-------- Exercise input --------

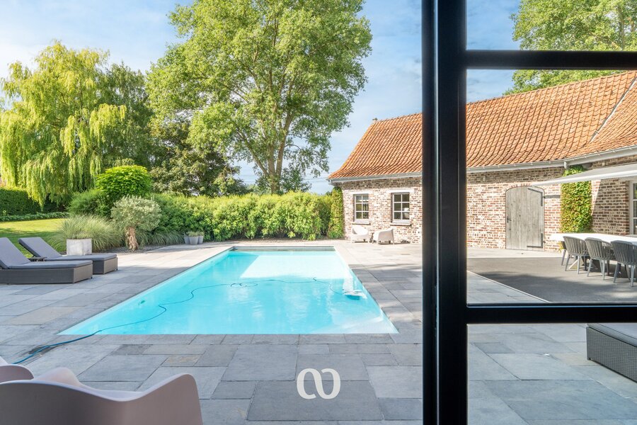 De hoeve biedt een unieke combinatie van ruimte, licht en comfort, met een warm en uitnodigend interieur. Rond het zwembad geniet je van een zuidgeoriënteerd terras, perfect voor ontspanning of gezellige momenten met vrienden en familie.
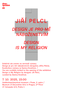 Pozývame vás na aktuálnu samostatnú výstavu Jiřího Pelcla, v poradí už tridsiatu šiestu, ktorá nesie názov „Dizajn je pre mňa náboženstvom“ a je inštalovaná v Uměleckoprůmyslovém muzeu v Prahe (8. 10. – 2. 11. 2025). Výstava sa koná pri príležitosti festivalu dizajnu Designblok. Zameriava sa na autorove realizované návrhy výrobkov, ktoré sa dlhodobo vyrábajú. Súčasťou výstavy je aj umelecká intervencia do stálej expozície múzea, kde sú umiestnené ďalšie Pelclove objekty a prototypy.
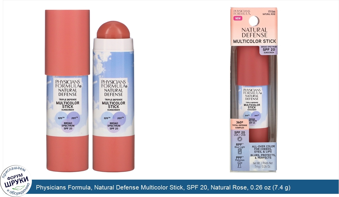 ru Physicians Formula, Natural Defense Multicolor Stick, SPF 20, Natural Rose, 0.26 oz (7.4 g)
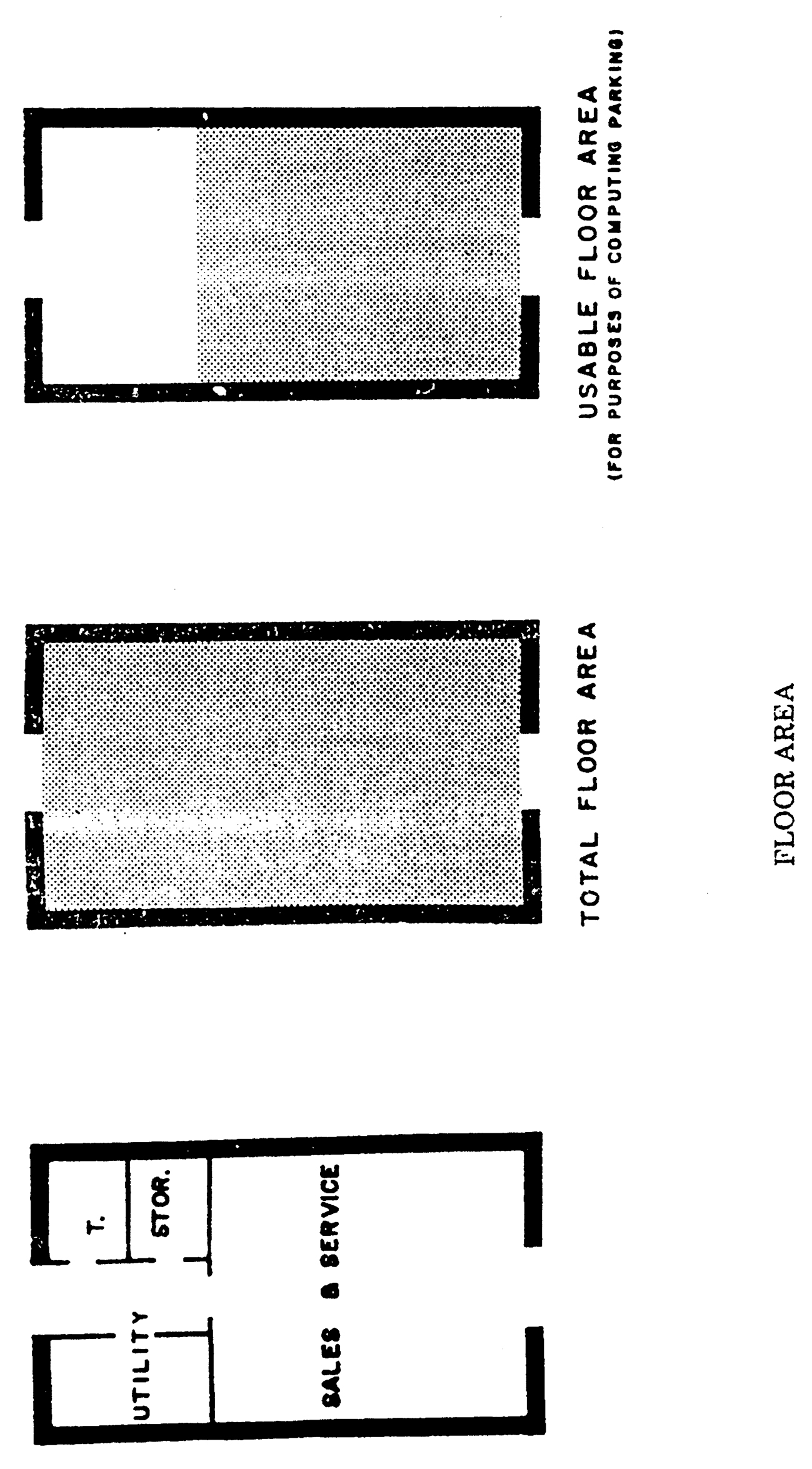 Floor area, usable (for the purposes of computing parking) shall mean that area used for or intended to be used for the sale of merchandise or services, for use to serve patrons, clients or customers and all that area used for employee work space. Such floor area which is used or intended to be used principally for the storage or processing of merchandise, hallways or elevators, or for stairs, bulkheads, utilities or sanitary facilities, shall be excluded from this computation of usable floor area. Measurement of usable floor area shall be the sum of the horizontal areas of the several floors of the building, measured from the interior faces of the exterior walls.
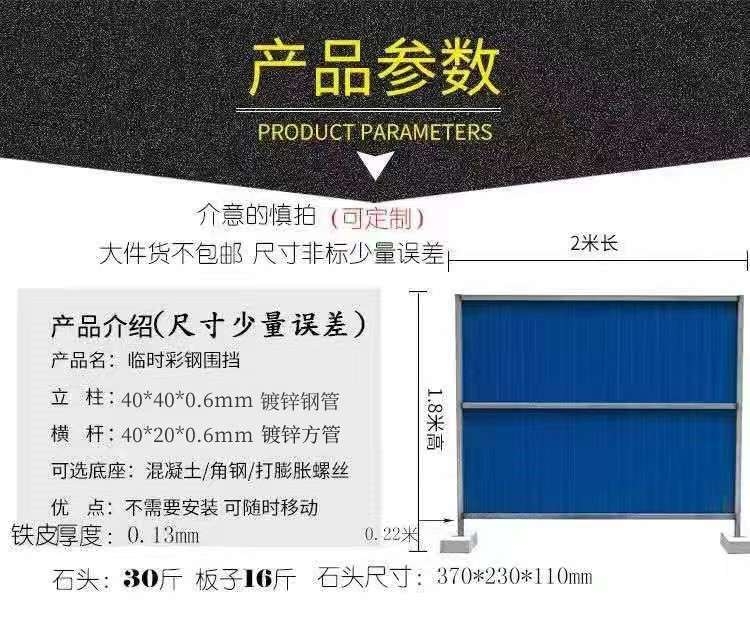 【商品介绍】可移动彩钢围挡也称为简易围挡、铁皮围挡、临时活动围挡 【商品特点】重复使用,安装方式灵活多变,随移随走,方便快捷 【注意事项】经常反复挪用拆装易变形,使用寿命一年 【物流服务】24小时内发货,大件物品发物流或专车,支持自提 【价格说明】由于产品原材料变化容易影响产品价格,所以标记为市场价格,不是真正价格(拍之前请联系客服) 【售后须知】全款发货,不支持退货 备注:常规款(石头底座,一块板子配一块石头),不同底座价格不同。支持定制! |
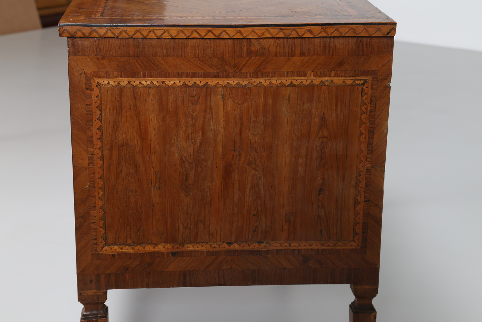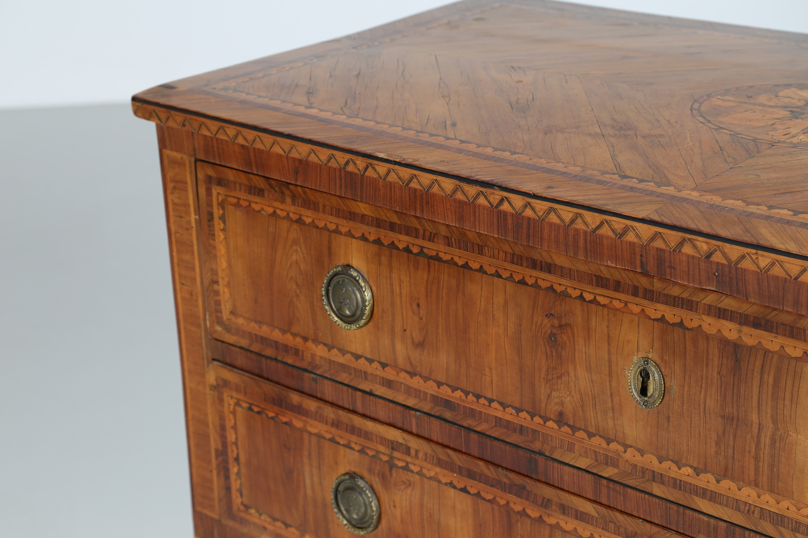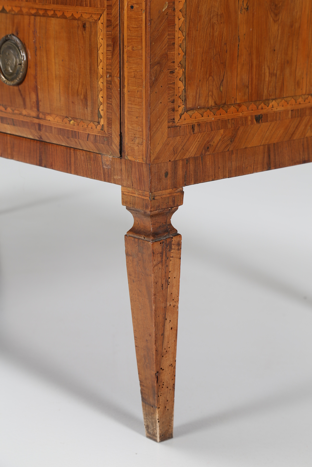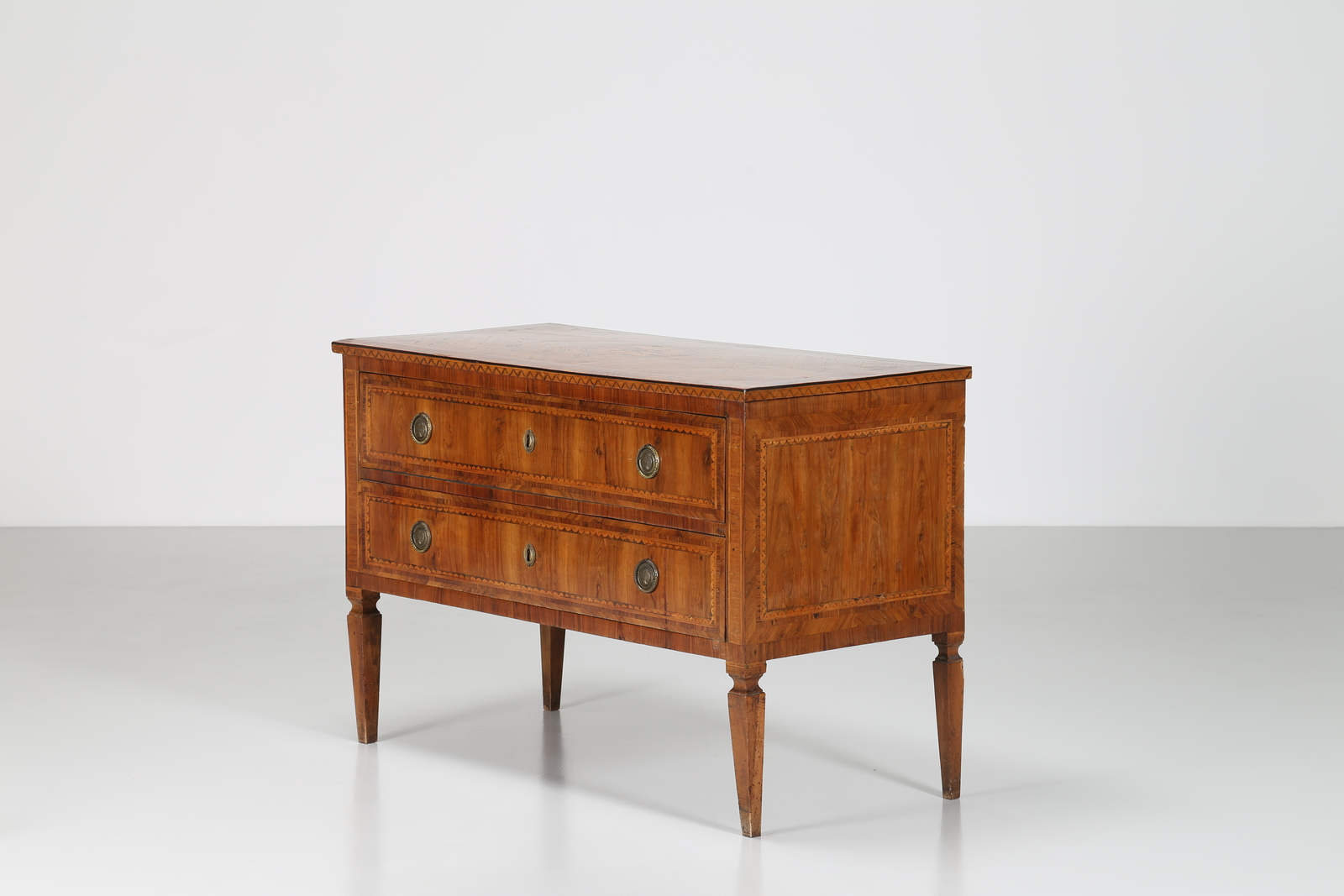 MANIFATTURA LOMBARDA DEL XVIII SECOLO Cassettone a due cassetti lastronato e intarsiato a motivi geometrici e vegetali, gambe a piramide rovesciata. . Cm 121,00 x 81,00 x 57,00. Difetti.

--------

Without the pictures, reproduce each line from the one containing "Pozývame vás na" through the last line of the material above, both of those lines included.

 Pozývame vás na aktuálnu samostatnú výstavu Jiřího Pelcla, v poradí už tridsiatu šiestu, ktorá nesie názov „Dizajn je pre mňa náboženstvom“ a je inštalovaná v Uměleckoprůmyslovém muzeu v Prahe (8. 10. – 2. 11. 2025). Výstava sa koná pri príležitosti festivalu dizajnu Designblok. Zameriava sa na autorove realizované návrhy výrobkov, ktoré sa dlhodobo vyrábajú. Súčasťou výstavy je aj umelecká intervencia do stálej expozície múzea, kde sú umiestnené ďalšie Pelclove objekty a prototypy.
 ru Physicians Formula, Natural Defense Multicolor Stick, SPF 20, Natural Rose, 0.26 oz (7.4 g)
 Floor area, usable (for the purposes of computing parking) shall mean that area used for or intended to be used for the sale of merchandise or services, for use to serve patrons, clients or customers and all that area used for employee work space. Such floor area which is used or intended to be used principally for the storage or processing of merchandise, hallways or elevators, or for stairs, bulkheads, utilities or sanitary facilities, shall be excluded from this computation of usable floor area. Measurement of usable floor area shall be the sum of the horizontal areas of the several floors of the building, measured from the interior faces of the exterior walls.
 【商品介绍】可移动彩钢围挡也称为简易围挡、铁皮围挡、临时活动围挡 【商品特点】重复使用,安装方式灵活多变,随移随走,方便快捷 【注意事项】经常反复挪用拆装易变形,使用寿命一年 【物流服务】24小时内发货,大件物品发物流或专车,支持自提 【价格说明】由于产品原材料变化容易影响产品价格,所以标记为市场价格,不是真正价格(拍之前请联系客服) 【售后须知】全款发货,不支持退货 备注:常规款(石头底座,一块板子配一块石头),不同底座价格不同。支持定制! |
 MANIFATTURA LOMBARDA DEL XVIII SECOLO Cassettone a due cassetti lastronato e intarsiato a motivi geometrici e vegetali, gambe a piramide rovesciata. . Cm 121,00 x 81,00 x 57,00. Difetti.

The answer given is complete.